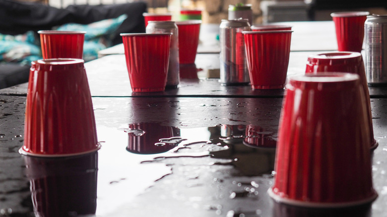 If you went to college, chances are you've played flip cup. According to a survey from College Stats, flip cup is the third most popular drinking game among college students, coming in behind quarters in the No. 2 spot and beer pong in top place. To get a flip cup game started with you and your BFF, all you need is two lightweight plastic cups, like the Solo 16-ounce plastic drinking cups ubiquitous at keg parties (if you've never been to a keg party, you're a better person than us). You'll also need a table and some alcohol (via BarGames101). Beer is ideal, but you can choose any drink you like — whiskey, tequila, or champagne (if you're classy like that). And hey, there's always "near beer."
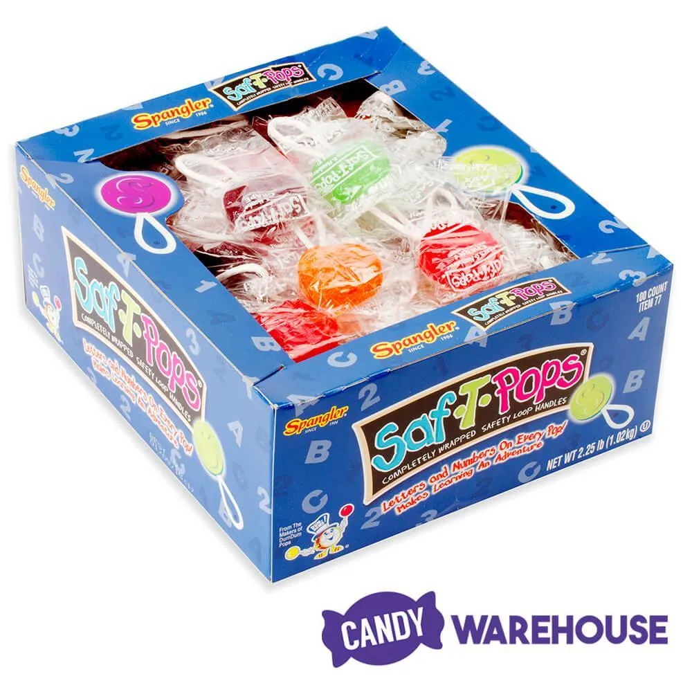 Display box contains 100 individually wrapped Saf-T-Pops Lollipops.
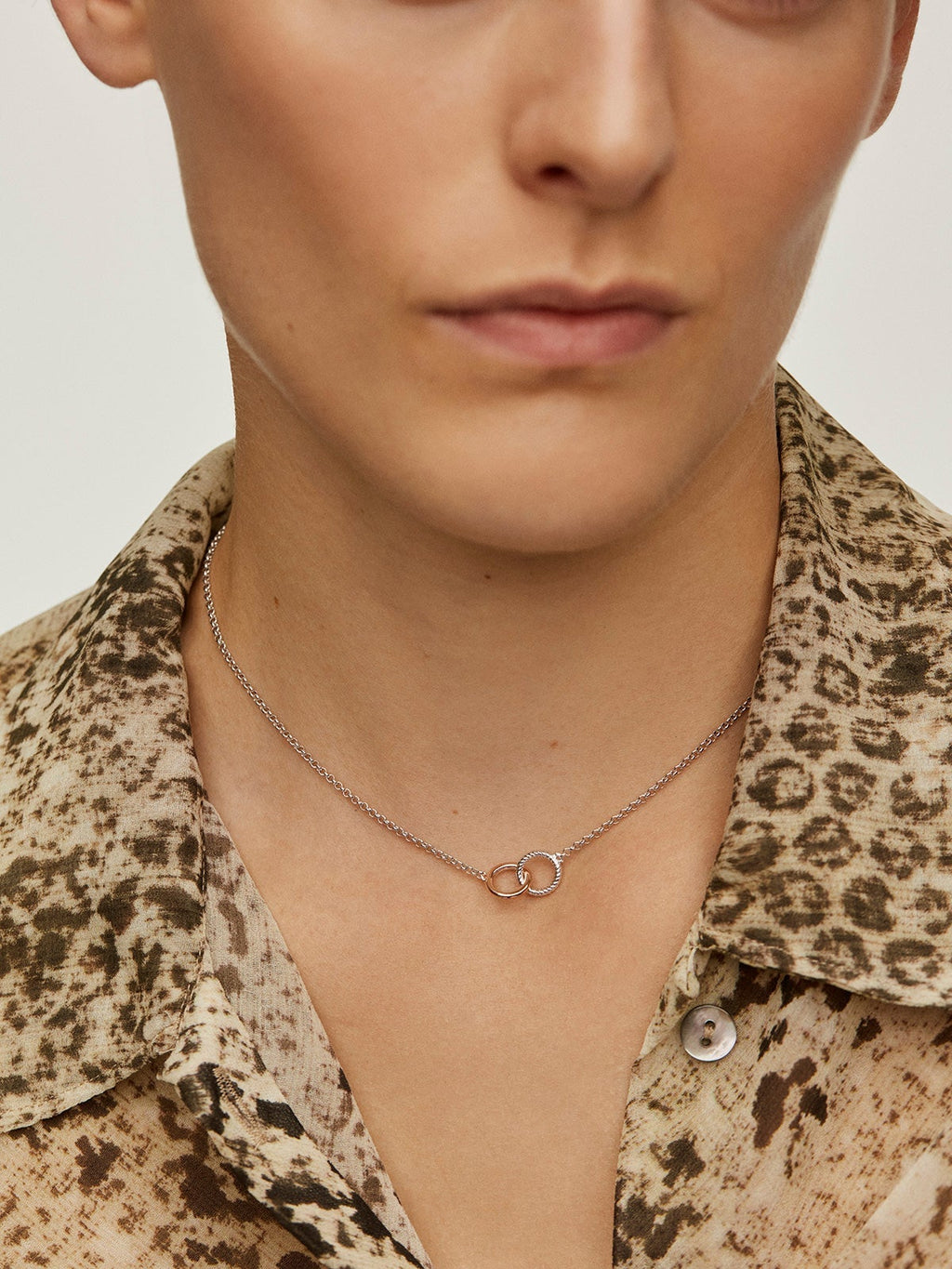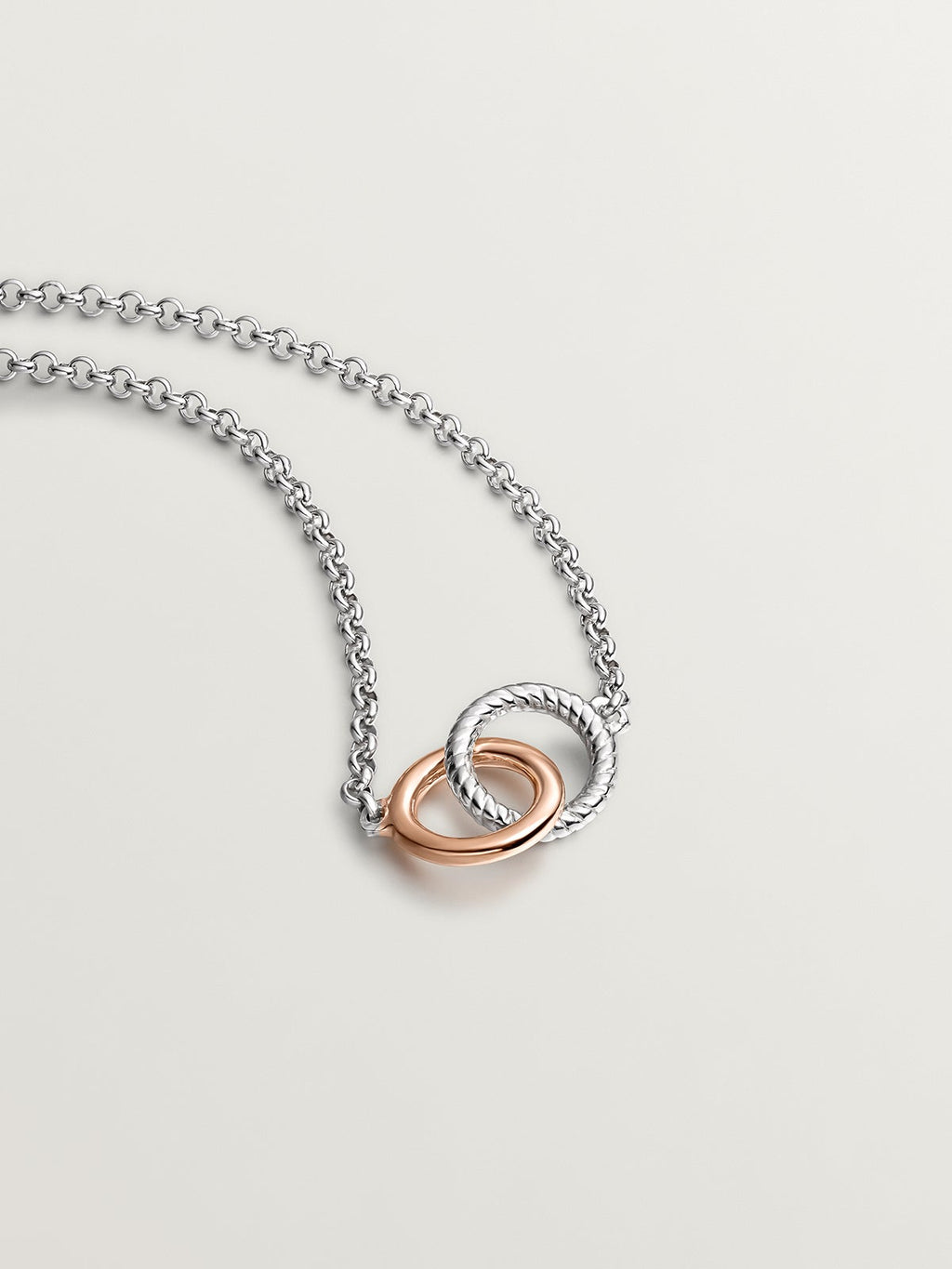 Colgante de plata 925 y plata 925 bañada en oro rosa de 18K con círculos entrelazados
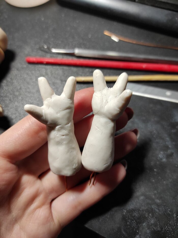 Я сделала модель головы и конечностей из полимерной глины. Чтобы потом отлить их из прочного пластика.
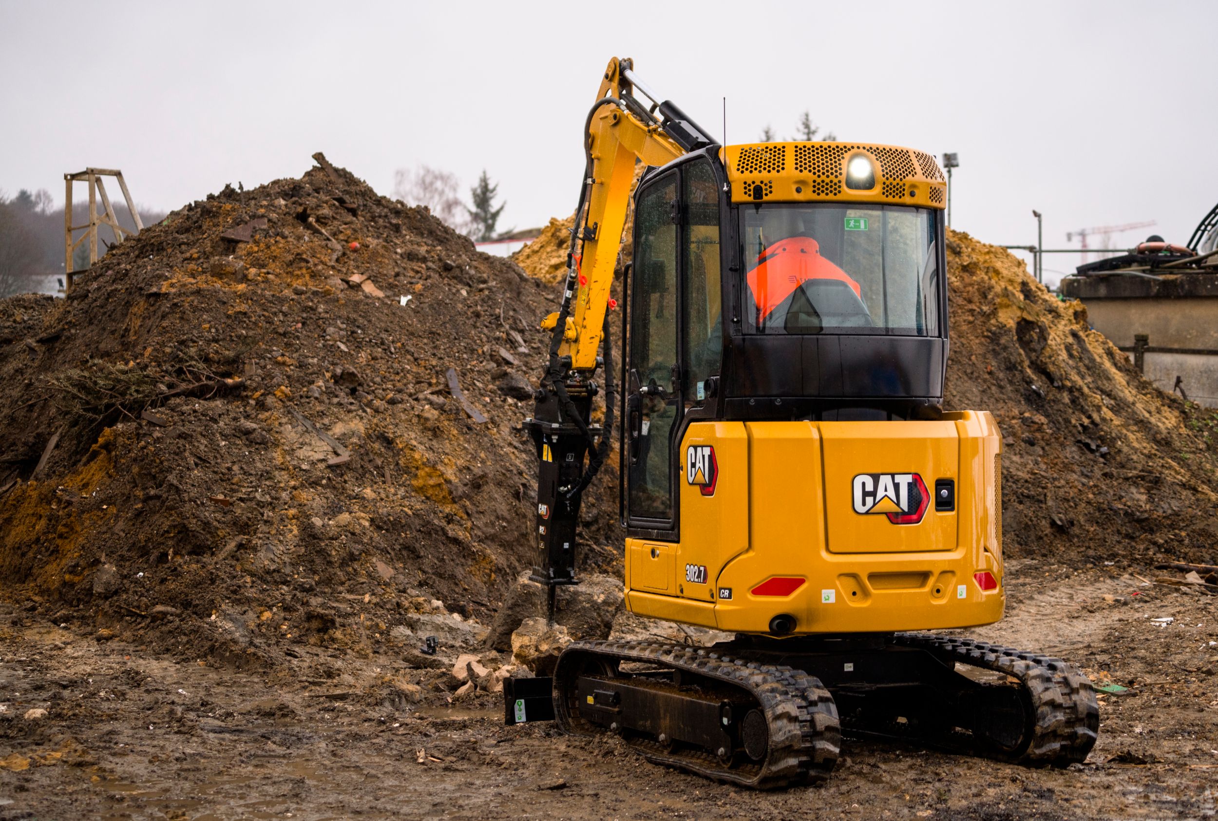 The Cat® 302.7 CR Mini Excavator delivers power and performance in a compact size to help you work in a wide range of applications.
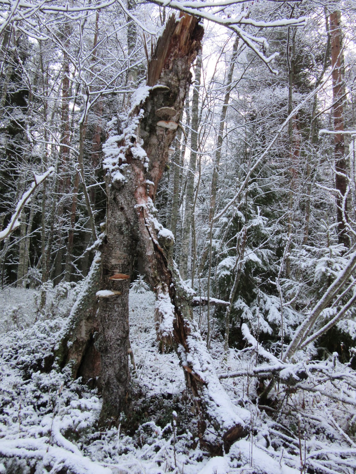 Kääpä paistaa puun rungossa kuin kaamea punainen naama. Musta hyypiö näyttää vaanivan puun oksalla, ja koivun takana on piilossa joku. - Näin mielikuvitus loihtii kauheuksia. Tien vieressä näyttää seivovan jättiläinen, vaikka tietää, että se on pihlajanjäännös.
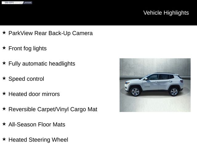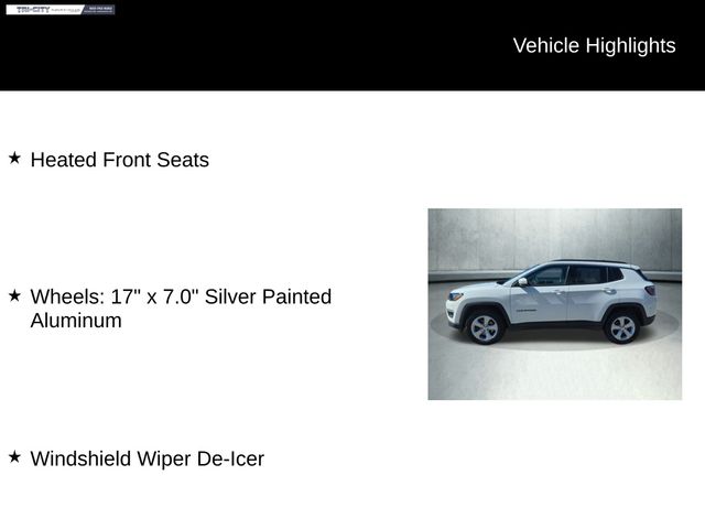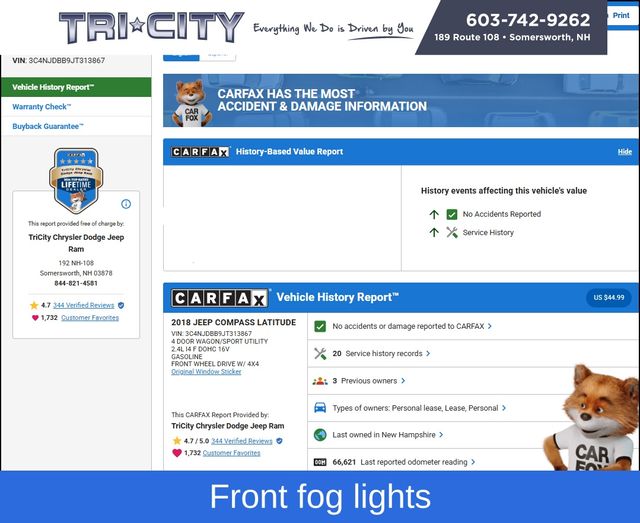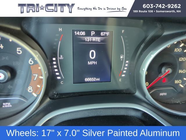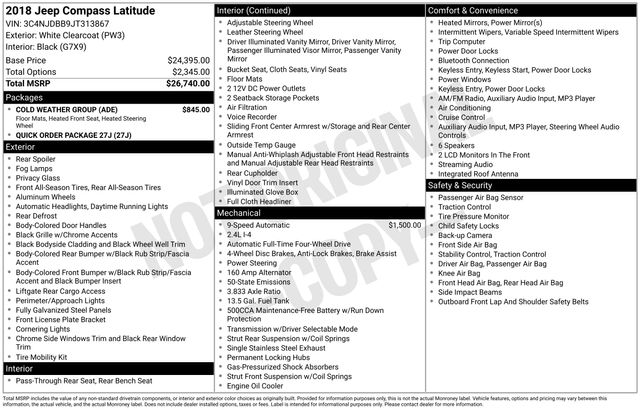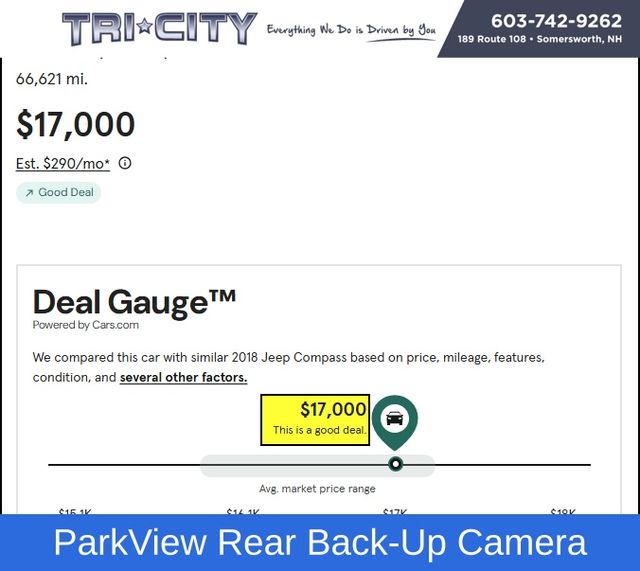 Fully serviced & Ready To Drive Home Today CALL NOW BEFORE ITS GONE!! (603) 207-8583Alignment checkedBrakes checkedBrake rotor(s) replacedDrivability/performance checkedFour tires balancedFour tires mountedOil and filter changedRear brake pads replacedRear brake rotor(s) replacedLooking for a stylish and capable SUV that can handle all your adventures? Look no further than this 2018 Jeep Compass Latitude. With its sleek white exterior and impressive 2.4L I4 engine paired with a 9-Speed Automatic transmission, this Compass is ready to take you wherever the road leads.Key features of this Compass Latitude include:• 9-Speed Automatic (9HP48)• COLD WEATHER GROUP - Includes Heated Steering Wheel, Reversible Carpet/Vinyl Cargo Mat, Windshield Wiper De-Icer, All-Season Floor Mats, Heated Front Seats• Cold Weather Group• Quick Order Package 27JThis Compass also boasts an impressive array of technology and convenience features, such as:• 6 Speakers• Radio: Uconnect 3 w/5" Display• Remote keyless entry• Steering wheel mounted audio controls• ParkView Rear Back-Up Camera• Fully automatic headlights• Heated door mirrors• Heated Steering Wheel• Heated Front Seats• Wheels: 17" x 7.0" Silver Painted AluminumWith its spacious interior, impressive fuel efficiency of 22 city / 30 highway MPG, and a wealth of safety features, this Compass Latitude is the perfect blend of style, capability, and practicality. Whether you're commuting to work, taking a road trip, or tackling your next outdoor adventure, this Jeep Compass Latitude is ready to handle it all.At our dealership, we pride ourselves on providing our customers with exceptional service and a stress-free buying experience. Our knowledgeable sales team is here to answer any questions you may have and help you find the perfect vehicle to fit your needs and budget.Don't let this opportunity pass you by. Schedule a test drive today and experience the power and versatility of the 2018 Jeep Compass Latitude for yourself. We're confident you'll be impressed by its performance, features, and overall value. Visit us at our showroom or give us a call to learn more.

•••

Assignment. Restate word for word each line from the top of the listing down to and including the line that holds "Kääpä paistaa puun". Drop any pictures.

The answer.
 If you went to college, chances are you've played flip cup. According to a survey from College Stats, flip cup is the third most popular drinking game among college students, coming in behind quarters in the No. 2 spot and beer pong in top place. To get a flip cup game started with you and your BFF, all you need is two lightweight plastic cups, like the Solo 16-ounce plastic drinking cups ubiquitous at keg parties (if you've never been to a keg party, you're a better person than us). You'll also need a table and some alcohol (via BarGames101). Beer is ideal, but you can choose any drink you like — whiskey, tequila, or champagne (if you're classy like that). And hey, there's always "near beer."
 Display box contains 100 individually wrapped Saf-T-Pops Lollipops.
 Colgante de plata 925 y plata 925 bañada en oro rosa de 18K con círculos entrelazados
 Я сделала модель головы и конечностей из полимерной глины. Чтобы потом отлить их из прочного пластика.
 The Cat® 302.7 CR Mini Excavator delivers power and performance in a compact size to help you work in a wide range of applications.
 Kääpä paistaa puun rungossa kuin kaamea punainen naama. Musta hyypiö näyttää vaanivan puun oksalla, ja koivun takana on piilossa joku. - Näin mielikuvitus loihtii kauheuksia. Tien vieressä näyttää seivovan jättiläinen, vaikka tietää, että se on pihlajanjäännös.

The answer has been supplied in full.